** Opening DATASET ENTRIES block **

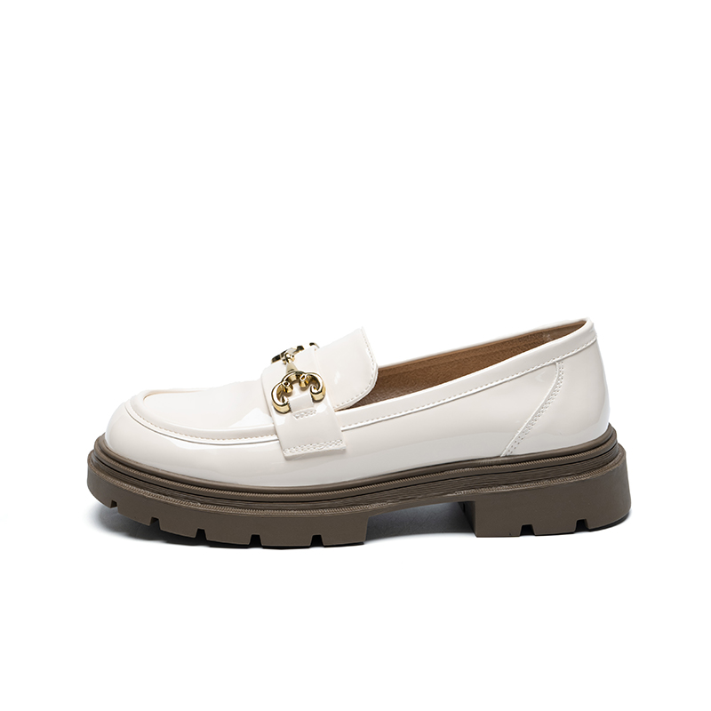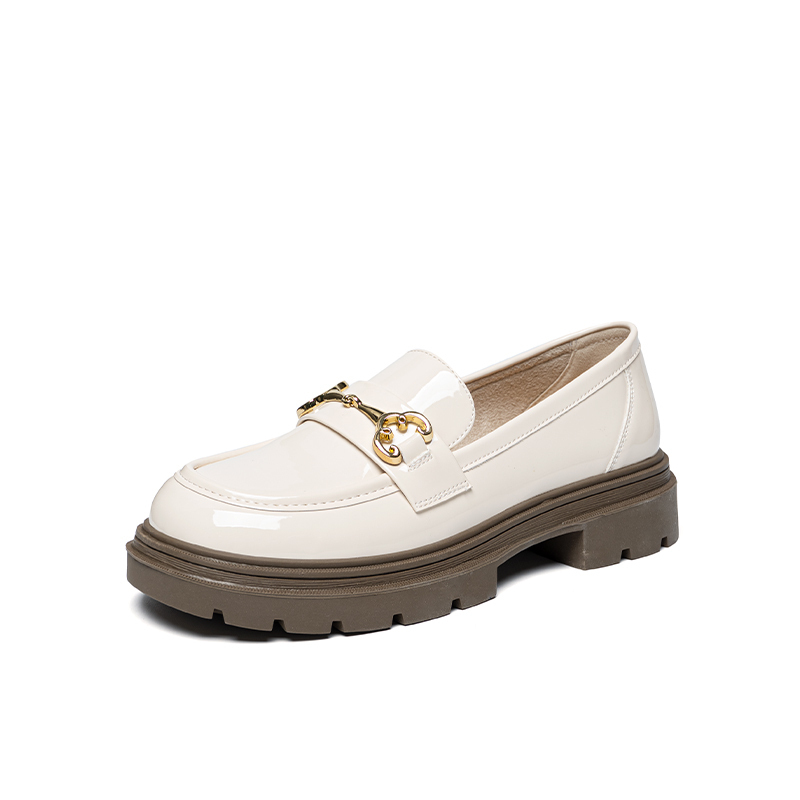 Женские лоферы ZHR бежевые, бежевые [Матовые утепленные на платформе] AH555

** Closing DATASET ENTRIES block **
** Opening DATASET ENTRIES block **

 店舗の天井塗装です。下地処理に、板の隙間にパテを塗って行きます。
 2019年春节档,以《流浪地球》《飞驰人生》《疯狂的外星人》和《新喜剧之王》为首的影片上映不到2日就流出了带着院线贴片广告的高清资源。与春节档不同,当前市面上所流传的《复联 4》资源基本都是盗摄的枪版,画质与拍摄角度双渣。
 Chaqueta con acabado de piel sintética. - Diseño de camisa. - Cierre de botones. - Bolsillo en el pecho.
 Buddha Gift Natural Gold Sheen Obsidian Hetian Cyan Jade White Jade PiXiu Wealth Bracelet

** Closing DATASET ENTRIES block **

Starting at the line with "Chaqueta con acabado" and ending at the line with "Buddha Gift Natural", print each line of the listing above exactly, with no other lines.

*RESPONSE FOR THIS EXERCISE*
 Chaqueta con acabado de piel sintética. - Diseño de camisa. - Cierre de botones. - Bolsillo en el pecho.
 Buddha Gift Natural Gold Sheen Obsidian Hetian Cyan Jade White Jade PiXiu Wealth Bracelet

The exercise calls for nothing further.